Exercise goal - Whichever lines include the word "Figura", copy them as they appear in the data.
___ Given data
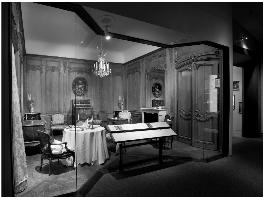
Fig. 1 Vue d'ensemble de la period room « Un Salon français vers 1750-1760 », Samuel European Galleries, niveau 3, Royal Ontario Museum, Toronto, 2018.

Au moyen de l'étude de la pièce « Un salon français vers 1750-1760 » présentée au Royal Ontario Museum de Toronto (Fig. 1), cet article analyse certaines des implications méthodologiques et épistémologiques issues du processus de (re)construction, d'interprétation et de médiation des récits historiques au moyen de la period room au musée. La première partie traite de la matérialisation de l'histoire dans la period room en étudiant l'organisation syntaxique des éléments qui composent ce « salon français ». Elle montre ainsi comment la mise en exposition peut produire des « effets de récit » dont l'articulation repose sur l'investissement narratif du visiteur, et ce, peu importe la lecture qu'il ou elle fera de la mise en scène qui lui est proposée 3 . La seconde partie considère les effets du contexte muséal pour la valeur du récit en tant qu'outil de construction et de transmission de connaissances. Elle révèle comment la period room articule les tensions entre la légitimité scientifique de l'institution et la valorisation de l'expérience des visiteurs. En fin de compte, cette étude contribue à expliquer
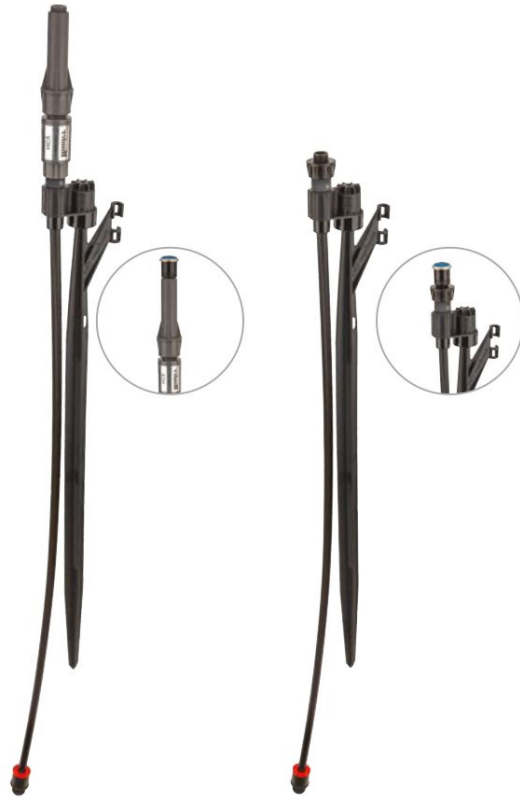
ارتفاع کل: ۸۶ سانتی متر اتصال نری دنده ای ۱/۲ اینچ
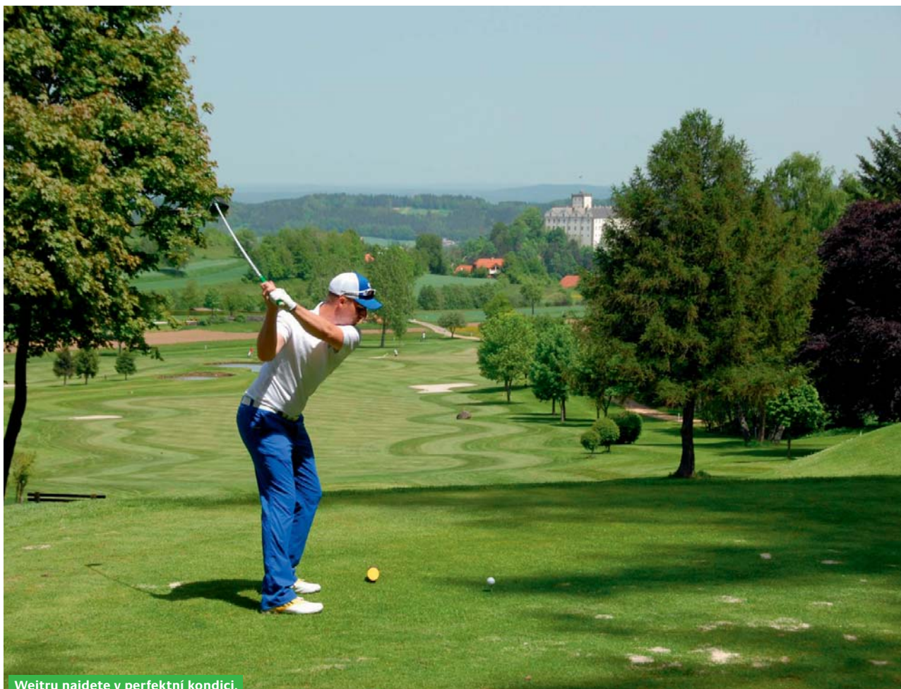
Weitru najdete v perfektní kondici.
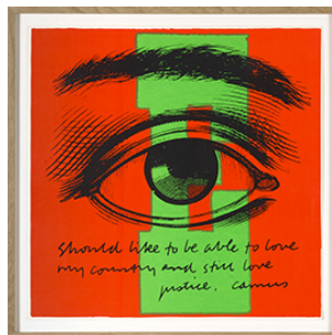
Corita Kent (Sister), Eye Love , 1968

Collection 49 Nord 6 Est - Frac Lorraine, Metz
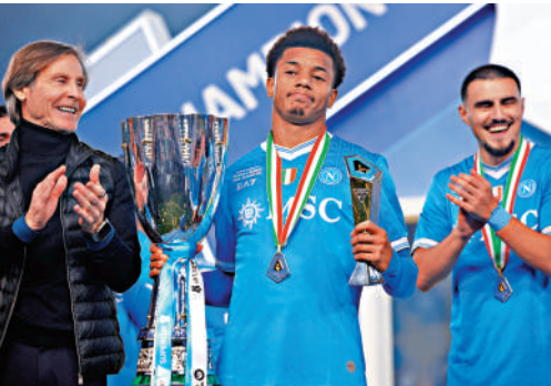
▲拿尼斯（左二）獲選意超盃決賽最佳球員。

拿尼斯在上半場第39分鐘禁區外射入世界盃先開紀錄，隨後在下半場第57分鐘把握對方門將失誤再下一城。他在今屆賽事兩場比賽中共攻入3球，成為球隊奪冠的最大功臣。拿玻里主帥干地賽後表示，全隊展現出強烈的奪冠欲望，這個獎盃讓所有人都能度過一個美好的聖誕節。
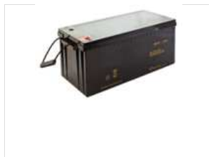
Batterie 12V 200AH AGM
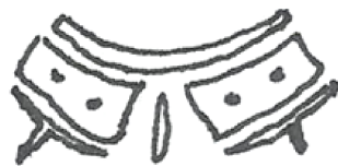
Fig.6:- Modelo F

1- El traje del busto del Rey del 53 es del tipo F (Figura 6) 7 , mientras todas las monedas de 1618 a 1624 con valor en anverso son del tipo C1 (Figura 7) 8 , como podemos ver en esta moneda de 1623.
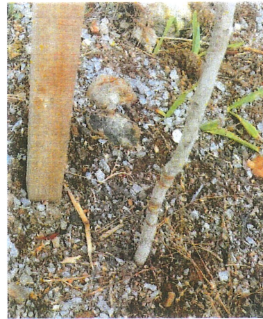
Figura 3 – Detalhes dos cortes realizados pelas roçadeiras nas mudas.
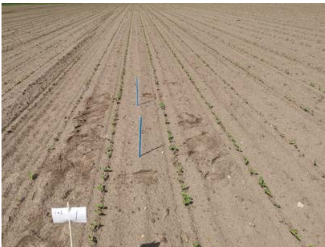
Figuur 6 perceel 2 object 1 gangbaar, 24-07-2025
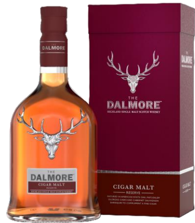
THE DALMORE CIGAR MALT RESERVE 44°
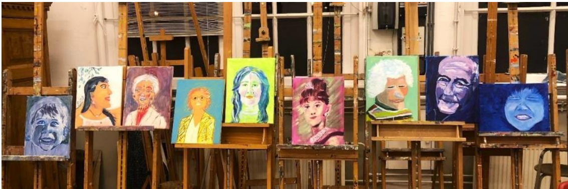
Werk van vorige deelnemers aan het eind van de workshop

In deze zomerse workshop kan je werken aan een portret geïnspireerd op de fauvisten met heldere kleuren en een duidelijke schildertoets. Je krijgt tips van Marieke hoe je het portret het beste kunt opzetten. Ervaring met schilderen heb je niet per se nodig. Ook beginners zijn welkom. Je maakt het schilderij naar een zelf meegebrachte portretfoto van een icoon of iemand die je liefhebt, een zelfportret mag ook!
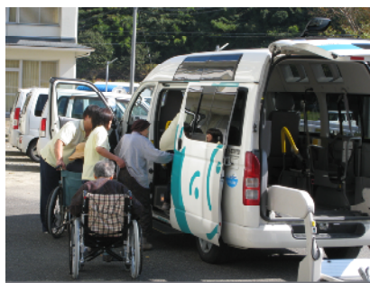
送迎(ご自宅から施設まで)

〔ご利用できる方〕 要支援1・2、要介護度1・2・3・4・5のいずれかに認定された方。
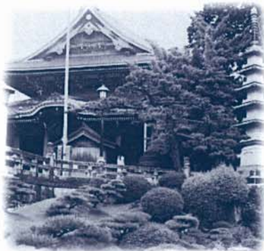
豊川稲荷「庭園から見た本殿」
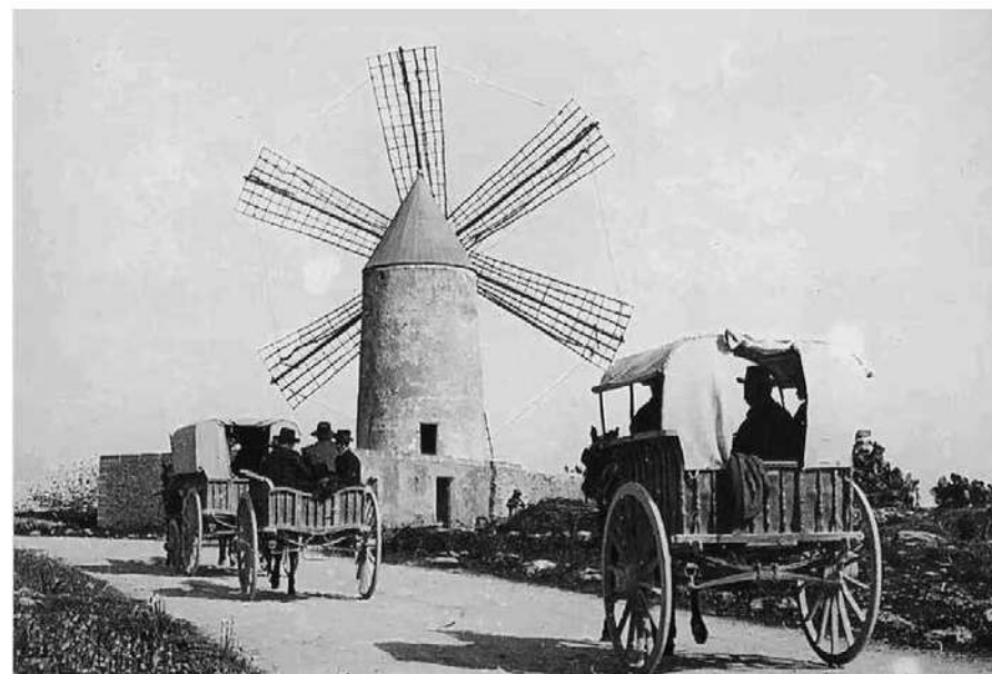
Instantània d'una passejada fins al Port, a l'altura del Moli den Sopa.
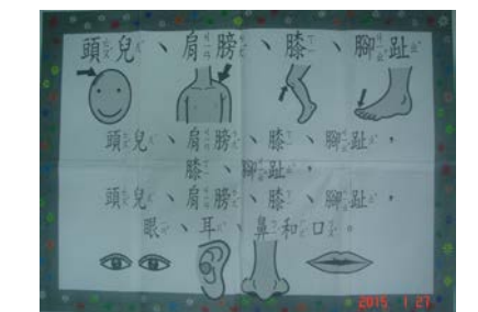
自製教具：頭兒、肩膀、膝、腳趾海報
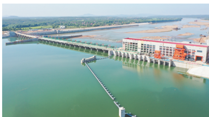
2021年9月17日,赣江井冈山航电枢纽工程4号机组成功并网发电。
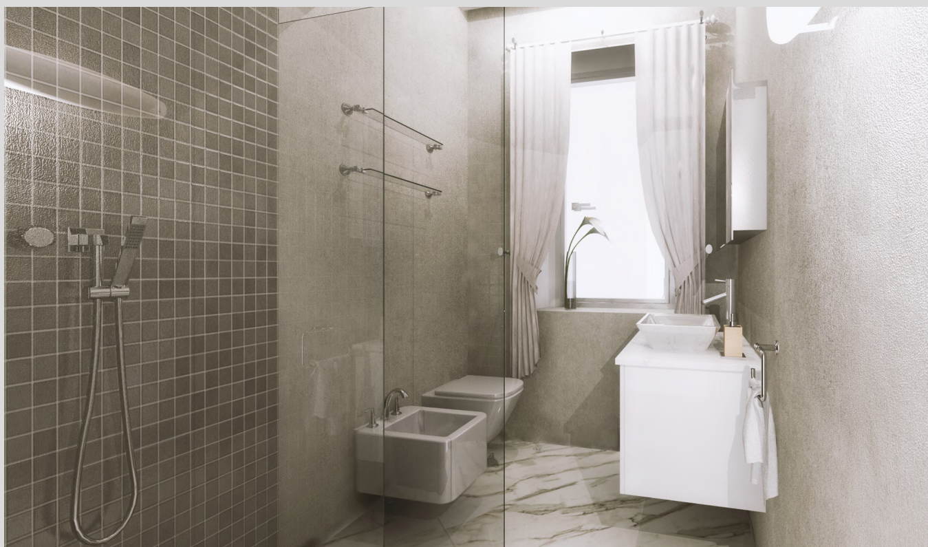
Ipotesi di bagno tipo | non vincolante ai fini contrattuali - commerciali
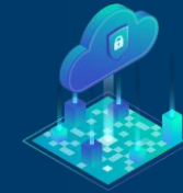
Ecosistema de Datos Cloud

Arquitectura de Alto Nivel de las soluciones
______
Answer to this problem -
1- El traje del busto del Rey del 53 es del tipo F (Figura 6) 7 , mientras todas las monedas de 1618 a 1624 con valor en anverso son del tipo C1 (Figura 7) 8 , como podemos ver en esta moneda de 1623.
Figura 3 – Detalhes dos cortes realizados pelas roçadeiras nas mudas.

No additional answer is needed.